[AIM OF THE TASK]
Without including the images, transcribe each record precisely as it appears below.

[DATA FOR THIS TASK]
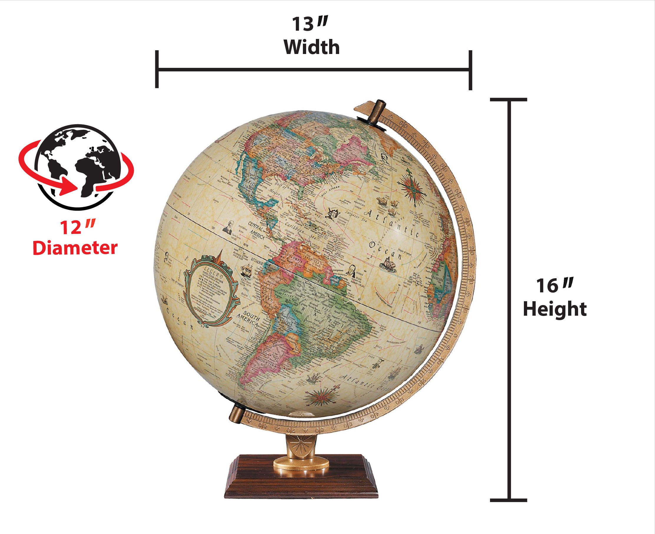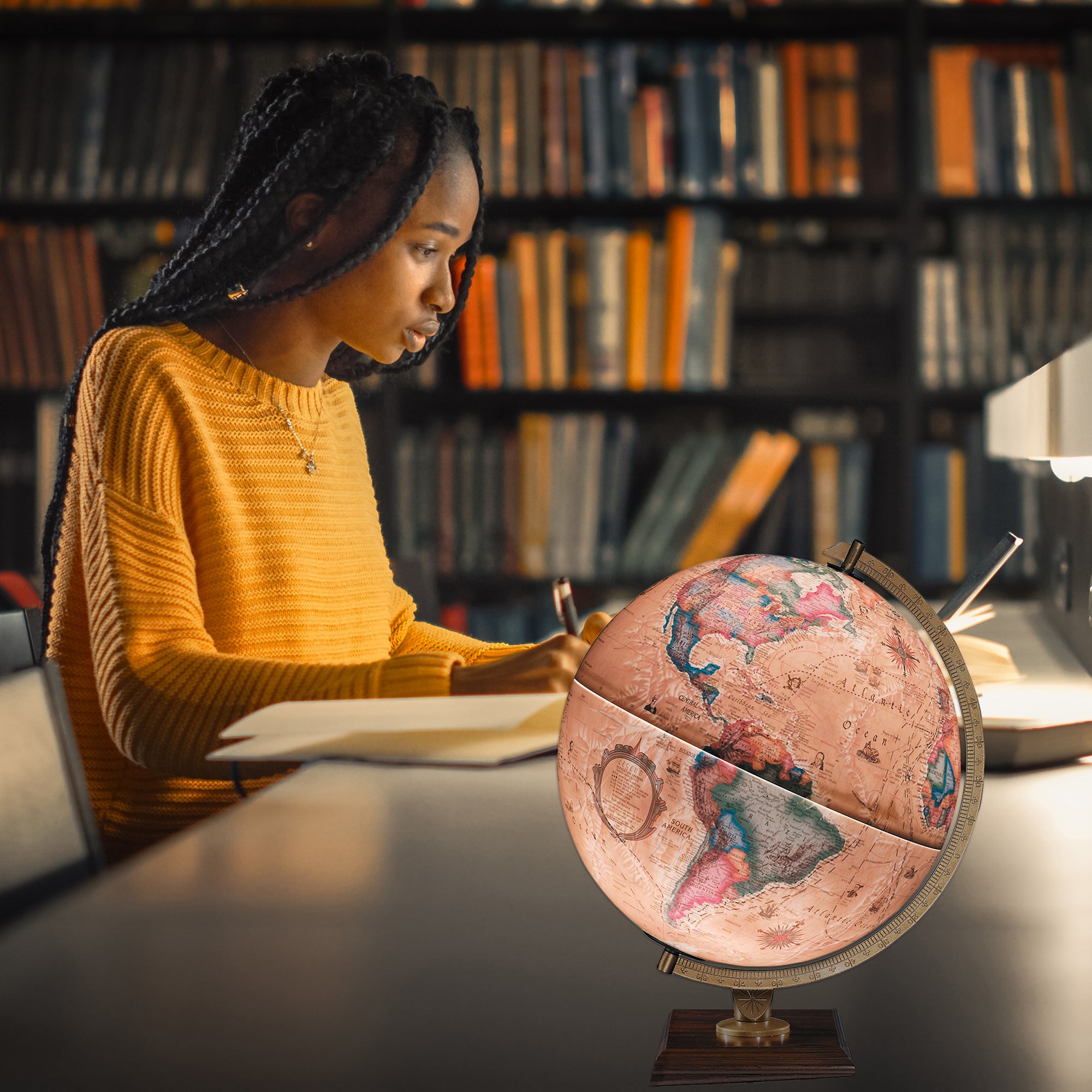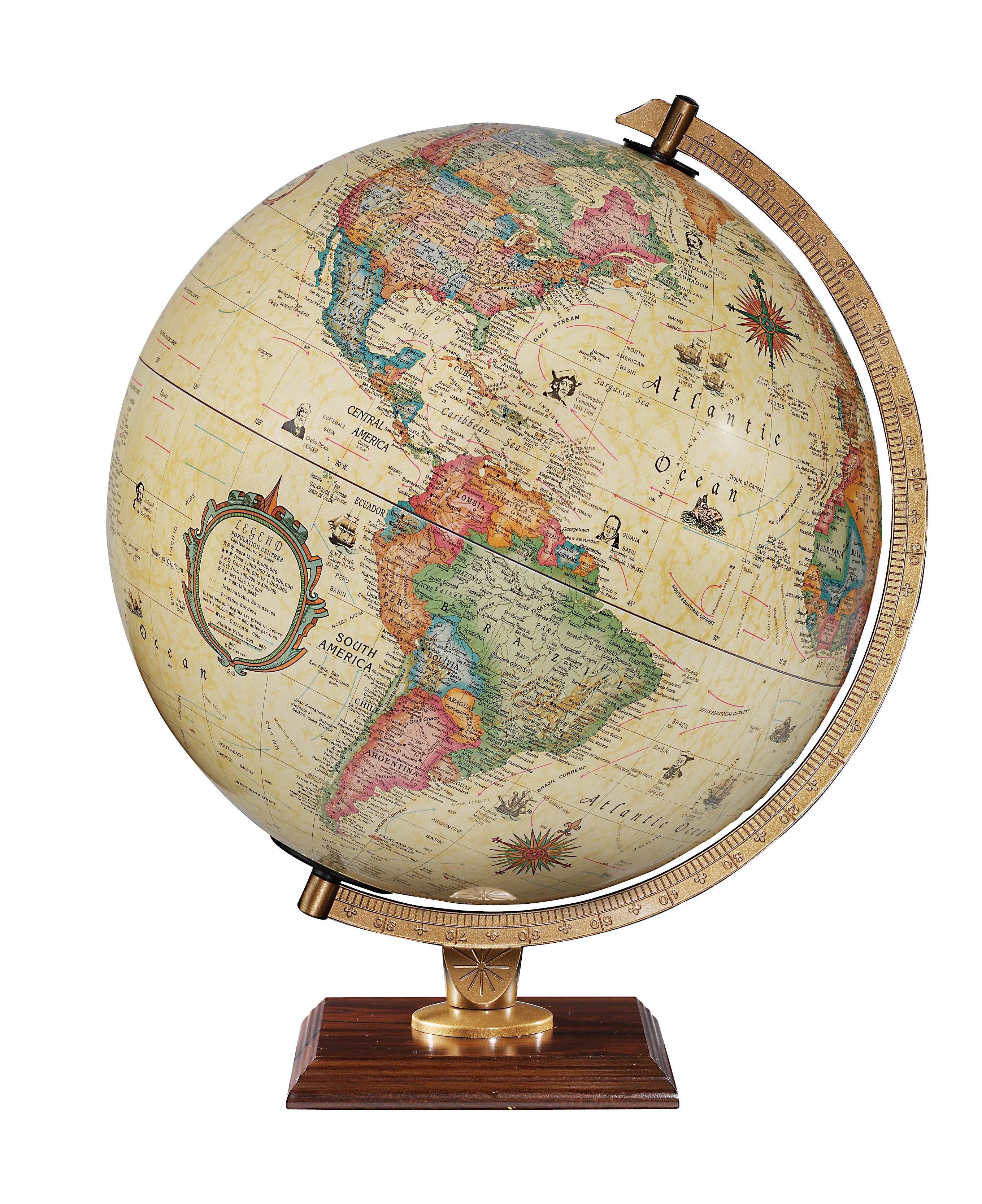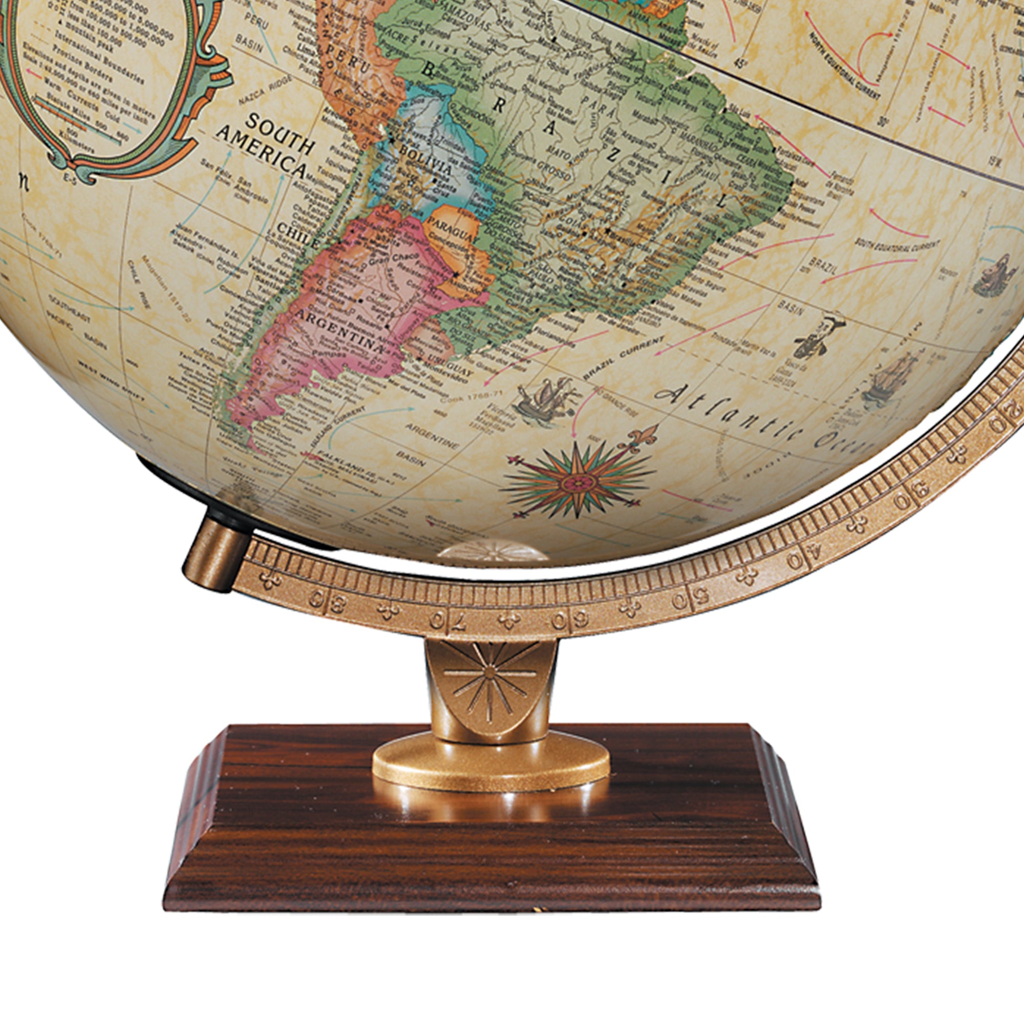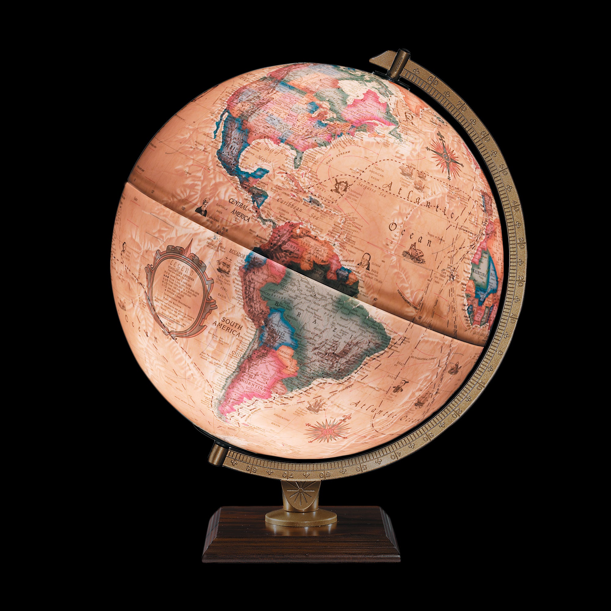 Carlyle Illuminated 12" Diameter, Up to Date Cartography, with Antique Ocean Globe Ball and Walnut Finished Base. The Carlyle globe is the only antique style desktop globe to feature both raised relief and illumination. Run your fingers over raised mountain ranges and feel the Andes, Himalayas, and other major mountains. When illuminated, additional features appear, such as the routes of major explorer expeditions, and view ocean floor features such as mid ocean trenches, seamounts, basins and ridges.
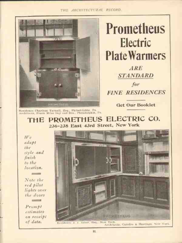 Original vintage architectural trade magazine ad for THE PROMETHEUS ELECTRIC COMPANY of New York City, NY. Prometheus Electric Plate Warmers are Standard for Fine Residences. Residence Charlton Yarnall, Esquire of Philadelphia, PA. Architects, Frank Miles Day and Brother. Residence J.J. Astor, Esquire, of New York City. Architects Carre and Hastings. Old 1910 interior design advertisement.
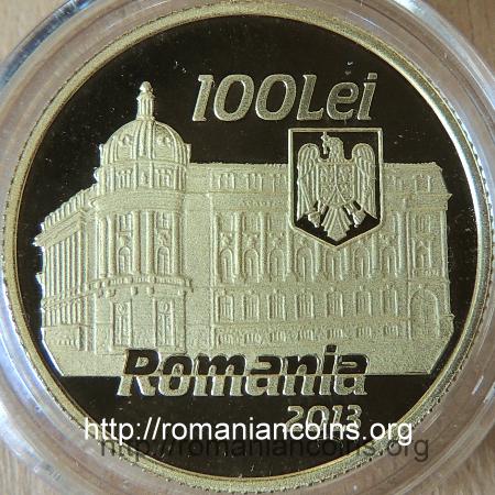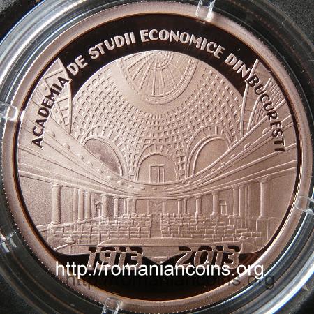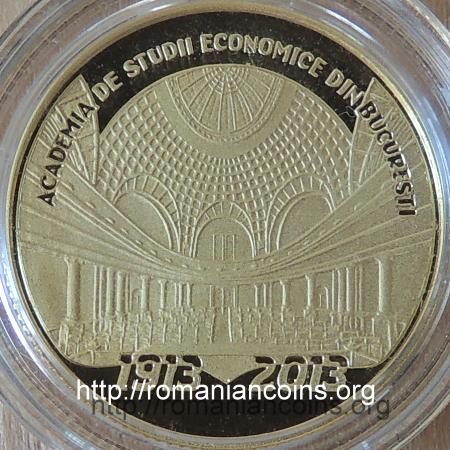 21 mm diametru, 6.452 g, 90% aur, margine cu zimți Avers: valoarea nominală 100 LEI, stema României, ROMANIA, anul 2013, palatul Academiei de Științe Economice din București | Revers: aula din palatul ASE, inscripția ACADEMIA DE STUDII ECONOMICE DIN BUCURESTI, anii 1913 și 2013
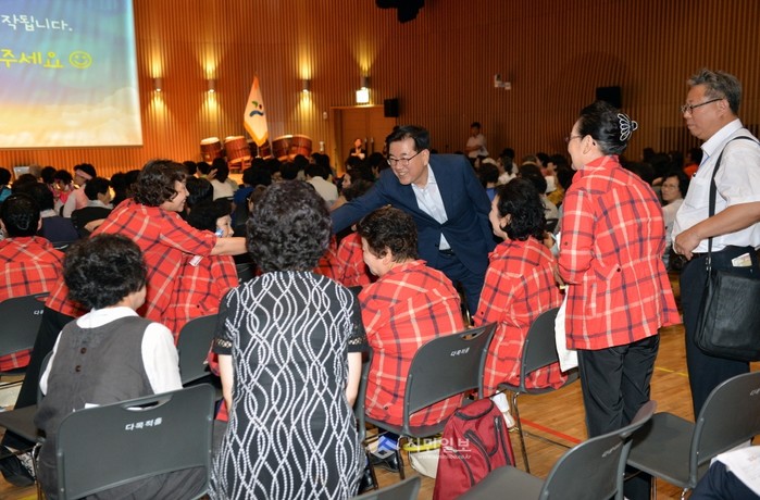 지난 1일 서울시청에서 진행된 성인문해 교육기관들이 모여 시낭송과 공연을 펼치는 ‘(사)푸른사람들 청춘문화제’ 행사에 참석한 유덕열 동대문구청장이 동대문구 참가팀을 격려하고 있다.(사진제공=동대문구청)
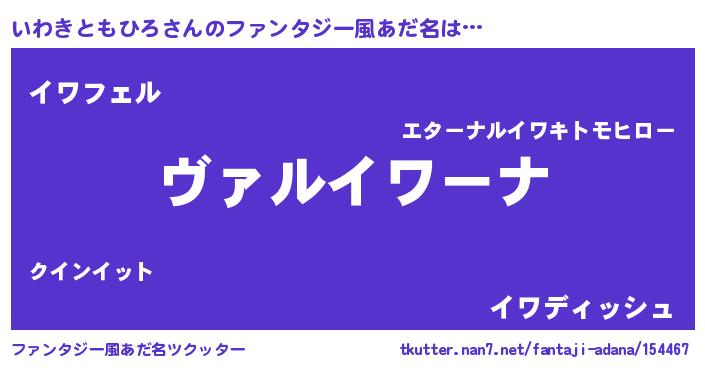 | 男性向けラノベタイトル風あだ名 | 『この素晴らしい世界にいわきともひろを!』 |

[TASK SOLUTION]
 Carlyle Illuminated 12" Diameter, Up to Date Cartography, with Antique Ocean Globe Ball and Walnut Finished Base. The Carlyle globe is the only antique style desktop globe to feature both raised relief and illumination. Run your fingers over raised mountain ranges and feel the Andes, Himalayas, and other major mountains. When illuminated, additional features appear, such as the routes of major explorer expeditions, and view ocean floor features such as mid ocean trenches, seamounts, basins and ridges.
 Original vintage architectural trade magazine ad for THE PROMETHEUS ELECTRIC COMPANY of New York City, NY. Prometheus Electric Plate Warmers are Standard for Fine Residences. Residence Charlton Yarnall, Esquire of Philadelphia, PA. Architects, Frank Miles Day and Brother. Residence J.J. Astor, Esquire, of New York City. Architects Carre and Hastings. Old 1910 interior design advertisement.
 21 mm diametru, 6.452 g, 90% aur, margine cu zimți Avers: valoarea nominală 100 LEI, stema României, ROMANIA, anul 2013, palatul Academiei de Științe Economice din București | Revers: aula din palatul ASE, inscripția ACADEMIA DE STUDII ECONOMICE DIN BUCURESTI, anii 1913 și 2013
 지난 1일 서울시청에서 진행된 성인문해 교육기관들이 모여 시낭송과 공연을 펼치는 ‘(사)푸른사람들 청춘문화제’ 행사에 참석한 유덕열 동대문구청장이 동대문구 참가팀을 격려하고 있다.(사진제공=동대문구청)
 | 男性向けラノベタイトル風あだ名 | 『この素晴らしい世界にいわきともひろを!』 |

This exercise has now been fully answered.